- [EXERCISE PROMPT] Using the records below, write out only the lines from the line containing "蔡文炬院士以《气候变化预估的" up to and including the line containing "2013 Mack CXU613", exactly, with no pictures.

Dataset items:

_____

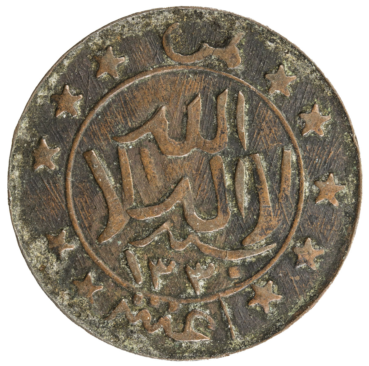 World Coins - Asia & Middle-East,KATHIRI STATE OF SEIYUN & TARIM: Ghalib ibn Muhsin al-Kathir, 1830-1880, AE khumsi, Tarim, AH1258, KM-205, Eastern Aden Protectorate, semi-prooflike fields, PCGS graded MS63 RB, RRR. The finest known example in our opinion and extremely rare in mint state quality!
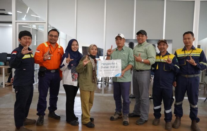 Penyerahan donasi ke pengelola Perpustakaan Jendela Dunia Desa Tokalimbo dilakukan pada Senin (20/10/2025) di kantor GFS, Sorowako, Luwu Timur, Sulawesi Selatan.
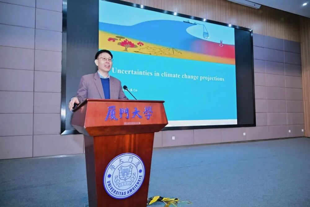 蔡文炬院士以《气候变化预估的不确定性》为题,系统阐述了当前气候预估难以做到精确定量的原因,并从排放情景、气候系统内在变异以及气候模式自身局限三个层面,深入分析了不确定性的来源、表现形式及其连锁影响。他结合海洋变化、ENSO、极端天气及经济影响等多个研究案例辅以说明,并以“我们只有一个世界”呼吁大家,在科学认知“不确定性”的基础上,积极应对气候变化带来的挑战。
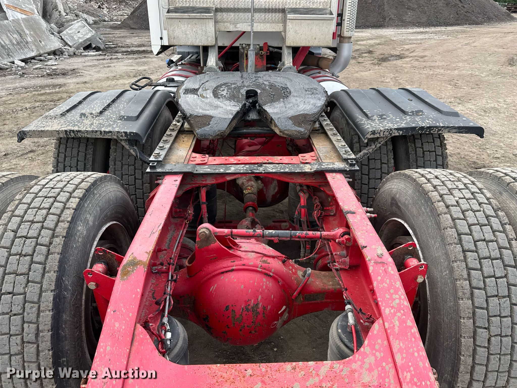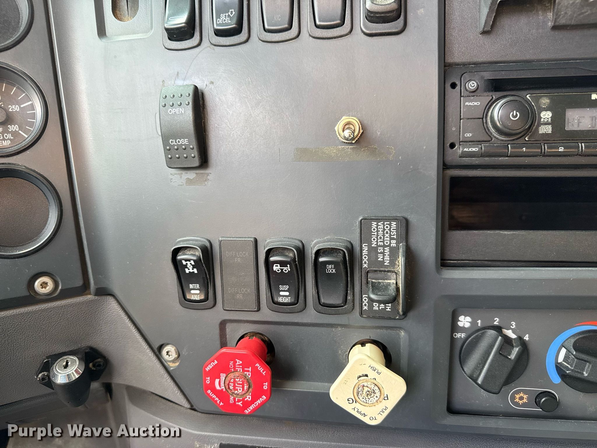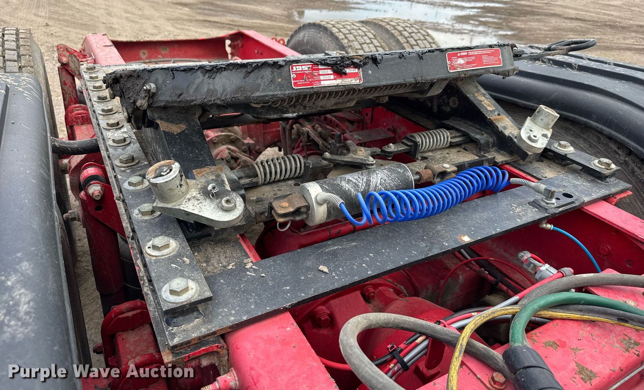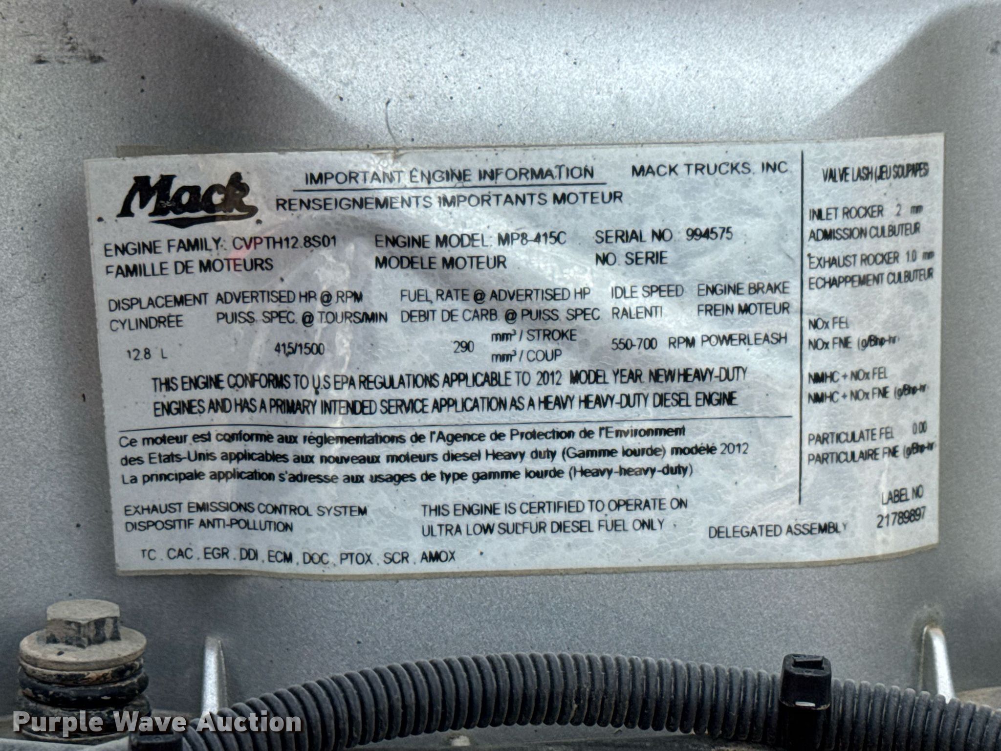 2013 Mack CXU613 semi truck. Miles: 75,294 on odometer, Hours: 1,302 on meter, VIN: 1M1AW09Y9DM027367. Engine Mack MP8-415C, Displacement: 12.8L, Cylinders: 6, Fuel type: Diesel, Engine brake. Transmission Eaton Fuller, Manual, Speed: 13. Chassis Axles: Tandem, Differential lock: Inter-axle, Suspension: Air Dump valves, Brakes: Air, PTO, Wet kit, GVWR: 52,000 lbs FAWR: 12,000 lbs, IAWR: 20,000 lbs, RAWR: 20,000 lbs. Interior AC, Heat, Heated mirrors, Cruise control, Air ride cab, Sleeper Sleeper length: 46", Beds: Single, Rear climate control. Features Deck plate: Aluminum, Fifth wheel type: Air operated, Sliding, Fuel tank: Dual. Tires Size: 11R24.5. Notes Dash warning indicator: Electrical fault. Kansas title. Title distribution may be delayed up to 14 days from verification of funds. Dondlinger & Sons Construction. Wichita, KS 67217
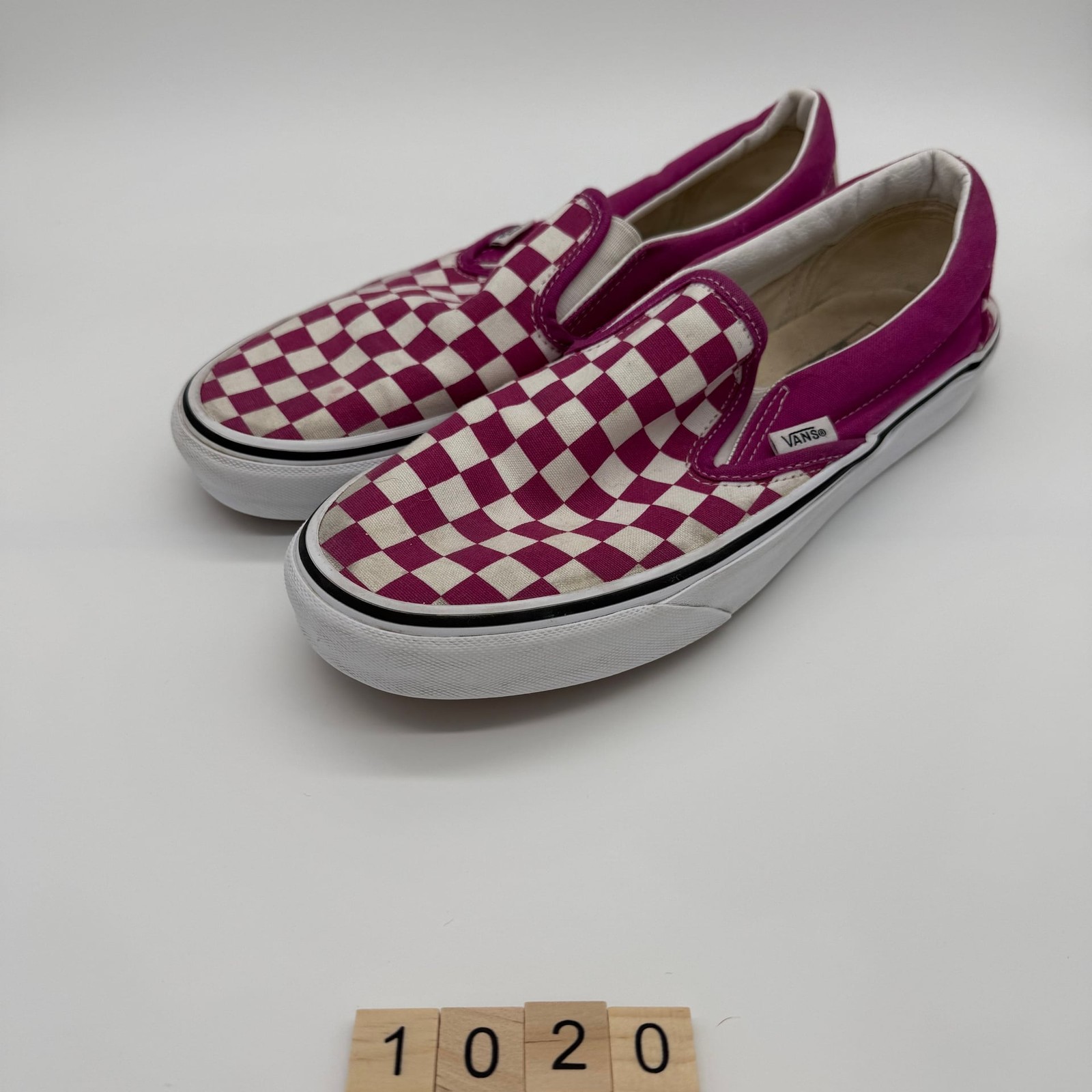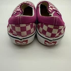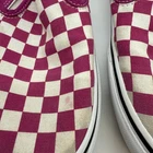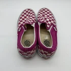 Vans Classic Slip-On Checkerboard shoes in Cerise/True White. These iconic slip-ons feature the signature checkerboard. They are a men's size 8.5 and women's size 10. In used condition, showing some signs of wear on the upper and soles, typical for pre-owned shoes. Any listed measurements are approximate. Preowned items have typical wear. We do our best to capture any flaws in photos. Thank you for shopping with us.

_____

- [RESPONSE FOR THIS EXERCISE]
 蔡文炬院士以《气候变化预估的不确定性》为题,系统阐述了当前气候预估难以做到精确定量的原因,并从排放情景、气候系统内在变异以及气候模式自身局限三个层面,深入分析了不确定性的来源、表现形式及其连锁影响。他结合海洋变化、ENSO、极端天气及经济影响等多个研究案例辅以说明,并以“我们只有一个世界”呼吁大家,在科学认知“不确定性”的基础上,积极应对气候变化带来的挑战。
 2013 Mack CXU613 semi truck. Miles: 75,294 on odometer, Hours: 1,302 on meter, VIN: 1M1AW09Y9DM027367. Engine Mack MP8-415C, Displacement: 12.8L, Cylinders: 6, Fuel type: Diesel, Engine brake. Transmission Eaton Fuller, Manual, Speed: 13. Chassis Axles: Tandem, Differential lock: Inter-axle, Suspension: Air Dump valves, Brakes: Air, PTO, Wet kit, GVWR: 52,000 lbs FAWR: 12,000 lbs, IAWR: 20,000 lbs, RAWR: 20,000 lbs. Interior AC, Heat, Heated mirrors, Cruise control, Air ride cab, Sleeper Sleeper length: 46", Beds: Single, Rear climate control. Features Deck plate: Aluminum, Fifth wheel type: Air operated, Sliding, Fuel tank: Dual. Tires Size: 11R24.5. Notes Dash warning indicator: Electrical fault. Kansas title. Title distribution may be delayed up to 14 days from verification of funds. Dondlinger & Sons Construction. Wichita, KS 67217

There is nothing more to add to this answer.